Exercise prompt ->
Go to the line below that has "Bản vẽ Bồn Tiểu Nam Inax U-116V Treo Tường", print it and each line after it exactly, and stop after the line that has "Переписывать текст в"; leave out pictures.

Data provided ->

==========

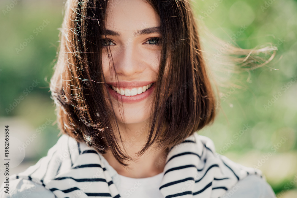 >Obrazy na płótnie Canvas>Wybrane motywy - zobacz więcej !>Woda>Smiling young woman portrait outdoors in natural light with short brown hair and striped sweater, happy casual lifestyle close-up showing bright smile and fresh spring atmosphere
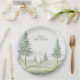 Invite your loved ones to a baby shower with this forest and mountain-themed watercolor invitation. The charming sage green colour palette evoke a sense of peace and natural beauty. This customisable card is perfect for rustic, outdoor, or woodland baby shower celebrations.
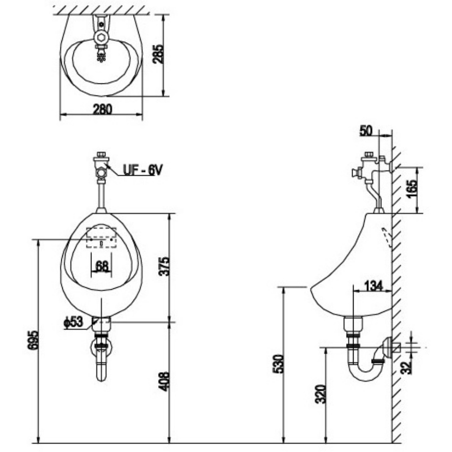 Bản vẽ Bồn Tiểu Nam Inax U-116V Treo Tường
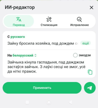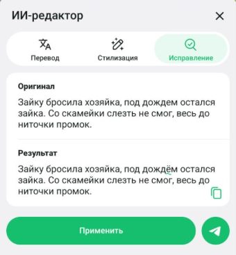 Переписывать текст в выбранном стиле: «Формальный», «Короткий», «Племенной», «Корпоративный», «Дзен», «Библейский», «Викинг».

==========

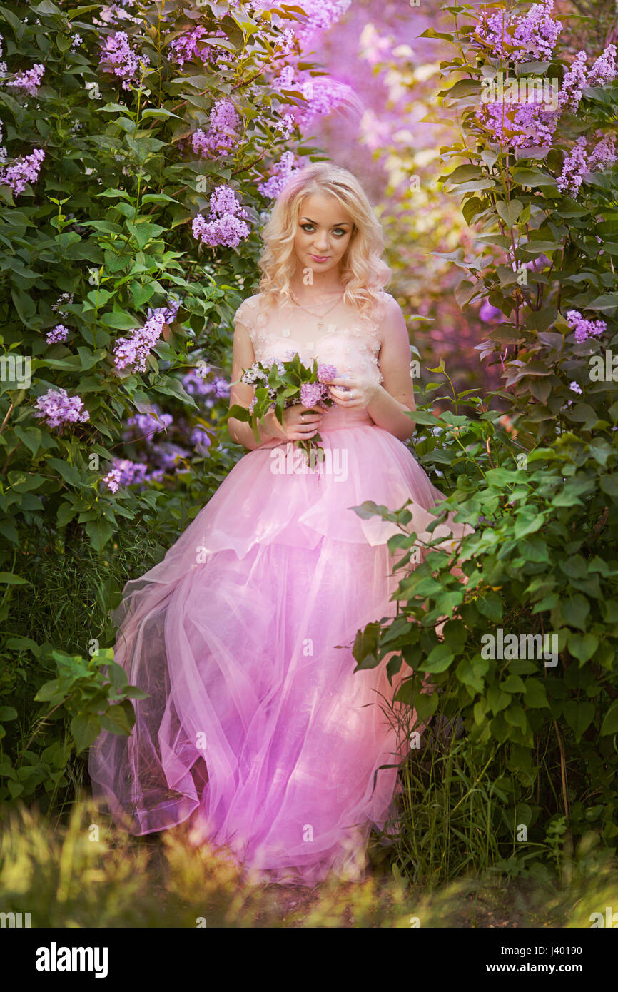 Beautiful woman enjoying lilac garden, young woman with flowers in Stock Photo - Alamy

==========

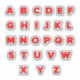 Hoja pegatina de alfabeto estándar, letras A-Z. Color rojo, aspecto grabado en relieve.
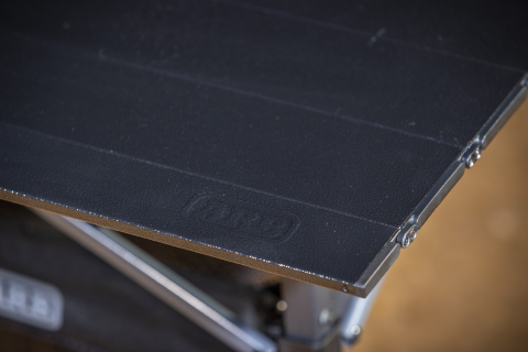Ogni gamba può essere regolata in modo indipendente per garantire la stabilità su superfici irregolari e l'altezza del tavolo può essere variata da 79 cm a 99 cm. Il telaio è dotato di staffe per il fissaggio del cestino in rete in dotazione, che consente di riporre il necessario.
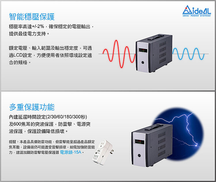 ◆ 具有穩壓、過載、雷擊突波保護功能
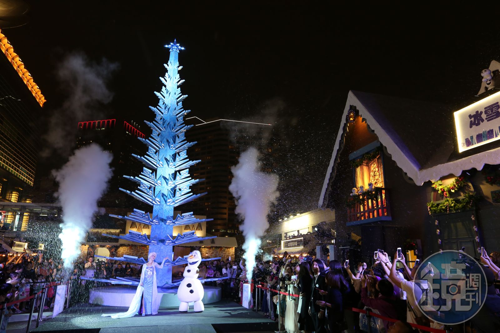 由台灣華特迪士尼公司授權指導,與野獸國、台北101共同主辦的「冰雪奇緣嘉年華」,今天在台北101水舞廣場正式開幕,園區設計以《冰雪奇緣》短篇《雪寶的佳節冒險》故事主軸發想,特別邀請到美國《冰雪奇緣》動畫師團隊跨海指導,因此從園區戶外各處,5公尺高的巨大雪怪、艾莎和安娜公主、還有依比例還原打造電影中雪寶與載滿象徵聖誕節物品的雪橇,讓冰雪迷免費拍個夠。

==========

Answer for the task ->
 Bản vẽ Bồn Tiểu Nam Inax U-116V Treo Tường
 Переписывать текст в выбранном стиле: «Формальный», «Короткий», «Племенной», «Корпоративный», «Дзен», «Библейский», «Викинг».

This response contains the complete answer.